Durrett recalls a 1993 chance meeting with artist Jacob Lawrence in the Phillips galleries. “This was one of many trips to the Phillips, but my first time seeing the experiences of Black people lifted up and amplified on museum walls and meeting an art hero in the flesh. Drawing upon my own biography and Lawrence’s Migration Series, I re-imagine the façade of The Phillips Collection with translucent window film that echoes the modernist, geometric presentation of this masterful series that told of the exodus of Black people from the rural South and their migration to the urban North. The façade at once celebrates this seminal artist and amplifies a moment in time that forever altered the shape of American culture here, there, and everywhere.”
Victor Ekpuk
Artwork site: The Phillips Collection entrance vestibule, summer 2021
Victor Ekpuk (b. 1964, Akwa Ibom, Nigeria; lives in Washington, DC) is internationally renowned for his paintings, drawings, and sculptures, which reimagine the ancient Nigerian communication system, Nsibidi, to create his own unique language of abstraction. Ekpuk’s recent large-scale projects include a 30 x 18-foot mural for the North Carolina Museum of Art in 2017, and a 20-foot metal sculpture Hope and Dream Under Glory at Boone Elementary School in Southeast DC in 2019. Ekpuk is a Smithsonian Fellow and holds a BFA from Obafemi Awolowo University. His work has been featured at the Dakar Biennial, Senegal; Institut du Monde Arabe, Paris; Museum of Arts and Design, New York; Somerset House, London; New Museum of Contemporary Art, New York; and the 12th Havana Biennial, Cuba. Ekpuk’s work is in collections including the Hood Museum, Hanover, New Hampshire; Newark Museum of Art, New Jersey; and the Smithsonian National Museum of African American History and Culture, DC.

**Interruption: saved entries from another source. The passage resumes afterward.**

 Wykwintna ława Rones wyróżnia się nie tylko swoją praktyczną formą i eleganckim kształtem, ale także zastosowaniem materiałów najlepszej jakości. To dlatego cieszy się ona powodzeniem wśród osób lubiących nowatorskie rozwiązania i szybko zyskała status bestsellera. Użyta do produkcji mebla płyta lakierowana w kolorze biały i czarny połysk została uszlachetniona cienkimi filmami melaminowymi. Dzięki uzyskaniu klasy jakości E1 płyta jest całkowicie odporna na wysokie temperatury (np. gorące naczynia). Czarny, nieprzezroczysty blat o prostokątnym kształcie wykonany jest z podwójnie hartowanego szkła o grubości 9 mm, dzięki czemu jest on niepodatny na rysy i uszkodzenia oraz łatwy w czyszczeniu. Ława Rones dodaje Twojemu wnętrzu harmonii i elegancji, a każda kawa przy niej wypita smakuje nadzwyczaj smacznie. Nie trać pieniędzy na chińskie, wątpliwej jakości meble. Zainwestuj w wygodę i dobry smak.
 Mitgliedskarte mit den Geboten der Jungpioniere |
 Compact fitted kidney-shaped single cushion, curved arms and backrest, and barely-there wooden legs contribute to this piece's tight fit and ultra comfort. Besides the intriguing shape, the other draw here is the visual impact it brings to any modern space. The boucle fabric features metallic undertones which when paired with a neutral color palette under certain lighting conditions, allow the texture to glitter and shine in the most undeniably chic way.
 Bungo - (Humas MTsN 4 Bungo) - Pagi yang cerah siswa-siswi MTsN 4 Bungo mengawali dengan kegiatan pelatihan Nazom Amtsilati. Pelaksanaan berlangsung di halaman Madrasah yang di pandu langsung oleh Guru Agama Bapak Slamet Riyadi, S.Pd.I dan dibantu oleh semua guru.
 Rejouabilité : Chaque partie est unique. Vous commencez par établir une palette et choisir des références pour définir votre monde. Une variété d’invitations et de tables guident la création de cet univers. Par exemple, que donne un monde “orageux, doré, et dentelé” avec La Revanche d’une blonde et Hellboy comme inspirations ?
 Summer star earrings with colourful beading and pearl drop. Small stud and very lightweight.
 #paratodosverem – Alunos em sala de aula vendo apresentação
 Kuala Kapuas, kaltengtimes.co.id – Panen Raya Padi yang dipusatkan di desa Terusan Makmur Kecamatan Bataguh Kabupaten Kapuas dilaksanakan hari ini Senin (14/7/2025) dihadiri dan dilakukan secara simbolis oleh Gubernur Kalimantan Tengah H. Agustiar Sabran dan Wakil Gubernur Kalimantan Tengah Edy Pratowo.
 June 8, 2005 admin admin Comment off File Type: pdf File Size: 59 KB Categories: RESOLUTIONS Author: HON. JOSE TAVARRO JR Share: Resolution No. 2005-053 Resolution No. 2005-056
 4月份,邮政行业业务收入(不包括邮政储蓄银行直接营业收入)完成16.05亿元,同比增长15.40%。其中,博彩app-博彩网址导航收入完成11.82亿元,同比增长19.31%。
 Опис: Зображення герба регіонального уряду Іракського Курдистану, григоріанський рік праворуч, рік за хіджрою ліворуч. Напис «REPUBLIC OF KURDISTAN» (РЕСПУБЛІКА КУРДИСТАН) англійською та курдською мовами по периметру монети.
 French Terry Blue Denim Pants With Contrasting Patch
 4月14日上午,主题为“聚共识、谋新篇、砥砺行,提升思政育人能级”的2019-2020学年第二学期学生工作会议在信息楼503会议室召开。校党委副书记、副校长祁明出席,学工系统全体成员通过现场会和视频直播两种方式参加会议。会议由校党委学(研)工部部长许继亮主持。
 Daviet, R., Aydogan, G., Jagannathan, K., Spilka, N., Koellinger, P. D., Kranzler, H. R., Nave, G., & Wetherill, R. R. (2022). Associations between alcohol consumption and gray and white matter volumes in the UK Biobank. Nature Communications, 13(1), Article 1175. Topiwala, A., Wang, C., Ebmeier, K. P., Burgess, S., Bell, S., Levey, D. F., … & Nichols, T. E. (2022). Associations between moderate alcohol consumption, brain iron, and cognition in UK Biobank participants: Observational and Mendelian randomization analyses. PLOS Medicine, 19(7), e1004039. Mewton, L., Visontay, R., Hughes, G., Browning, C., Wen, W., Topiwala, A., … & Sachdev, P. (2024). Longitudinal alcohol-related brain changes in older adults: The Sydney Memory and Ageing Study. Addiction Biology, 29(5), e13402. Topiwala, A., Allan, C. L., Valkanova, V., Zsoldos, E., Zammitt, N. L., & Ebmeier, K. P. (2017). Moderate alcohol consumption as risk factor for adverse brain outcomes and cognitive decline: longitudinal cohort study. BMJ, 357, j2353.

“In the vestibule of The Phillips Collection, I want to welcome visitors to a sense of a spiritual sacred space through an immersive experience. Through my ‘script’ drawings, the distinction between writing and visual art, legibility and illegibility are all dissolved. This process encourages viewers to experience my work in a holistic manner, allowing the abstraction rooted in ancestral knowledge and indigenous power symbols to build intuitive meaning. In the vestibule, I wish to create a collective experience across cultures and space to connect the ancient past and the contemporary moment.”